Afterwards, I discovered that God had been speaking to one of our women about the exact thing he was leading me to do. She was sure that God was doing something in relation to foot washing. She didn’t say anything to anyone, perhaps for the same reason I felt I should not discuss my side of things with anyone. But she was watching for it. 

At the very same time that I was on the verge of giving up on this idea because it felt so unusual and insecure to me, this person had discovered the water basin and towels I had already prepared in another room. I did not know this at the time. Afterwards I was horrified to think of the damage I would have done if I had disobeyed what the Spirit was leading me to do. At the same time, because I obeyed and joined God’s work, it spoke to this person very clearly about God’s leading. 

I do not know if anything will ever happen to restore us to the people who left our ministry. However, as I make another journey through the chapters of God’s word that describe Jesus’ suffering and death, I do know that God is teaching me to continue seeking the mind of Christ no matter how many betrayals, denials, and desertions I experience. 

As that relates to soon going back to a flood-ravaged community, I am sure there will be some acts of service required today with my family, and expressions of love to show community members when we get home. With that in mind, I am willingly surrendering to the Spirit and whatever he has to do to me to lead me into this work. Jesus is my example, and the Savior who makes it possible to be like him.

 

© 2021 Monte Vigh ~ Box 517, Merritt, BC, V1K 1B8

Email: in2freedom@gmail.com

Unless otherwise noted, Scriptures are from the English Standard Version (The Holy Bible, English Standard Version.
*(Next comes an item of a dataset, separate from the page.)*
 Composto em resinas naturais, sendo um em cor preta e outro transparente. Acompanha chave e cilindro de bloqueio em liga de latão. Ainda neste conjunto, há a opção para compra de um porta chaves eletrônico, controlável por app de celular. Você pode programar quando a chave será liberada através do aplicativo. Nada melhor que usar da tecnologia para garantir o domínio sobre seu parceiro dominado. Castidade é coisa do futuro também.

ESV® Text Edition: 2016. Copyright © 2001 by Crossway Bibles, a publishing ministry of Good News Publishers.)

 

 

 



[1] Slow-track thinking is what we would call our conscious thoughts. It is the part of our brain we use to consciously think things through, or carry-on conversations, or write blog posts. Fast-track thinking is what our brains are doing faster than we can keep up. It is the way we have automatic responses to things we haven’t thought through. When we walk in a room and immediately feel drawn to one person while wanting to avoid another, we are experiencing the fast-track reading people and situations and reacting faster than our slow-track can process. Even if this doesn’t make a whole lot of sense, it’s just something I am now aware of about myself, and something that makes me marvel at the mind of Christ that is not limited to the functioning of our brains with all our corresponding baggage of thoughts and emotions that often seem to have a mind of their own.
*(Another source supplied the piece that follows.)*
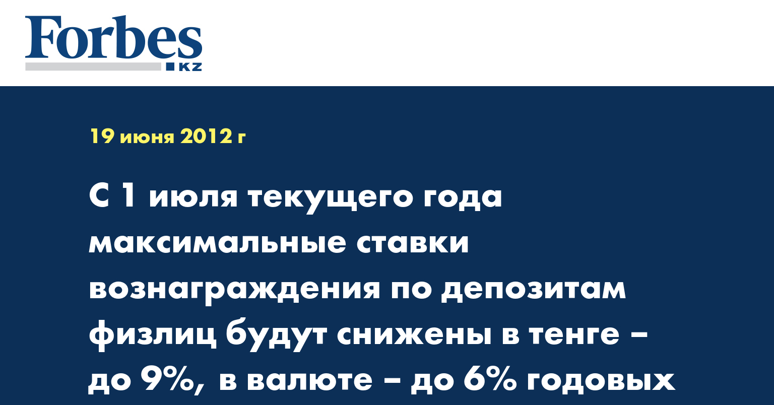 Напомним, что действующие до настоящего момента ставки вознаграждения депозитов физических лиц были установлены «Казахстанским фондом гарантирования депозитов» 1 апреля 2010 года на уровне: в тенге – 10% годовых, в иностранной валюте – 7% годовых.

[2] The New Testament is full of references to the flesh (“sark” or “sarx” in the original Greek), always as an enemy of life in the Spirit. When the flesh believes it knows something, it cannot conceive of God’s way of seeing things, but is convinced that its way is the right way. Dissociation is the ability of our brains/minds to separate our mind/emotions from traumatic experiences so we are not constantly living with the conscious awareness of our trauma. This means that a dissociative person will have an incomplete view of some situations while feeling like they have the whole view and the only view that feels right to them. “Enemy mode” is a new expression that summarizes what is happening in our brains when the relational-mode level of our brains turns off out of fear and we are unable to read situations in a relational way. Again, this view cannot factor in all the information of what is going on, reads everything as if it is dealing with enemies, and imagines its view is the best one (lessons from, The Joy Switch, © 2021 Chris Coursey, Northfield Publishing). What this means is that I must be far more understanding of why it is so difficult for people to agree on situations, and make the focus on each person trying to attach to the mind of Christ so that what he knows changes what we believe, how we feel, and what we do. Until we want to know what Jesus knows, we will have tremendous difficulty resolving relationship conflicts.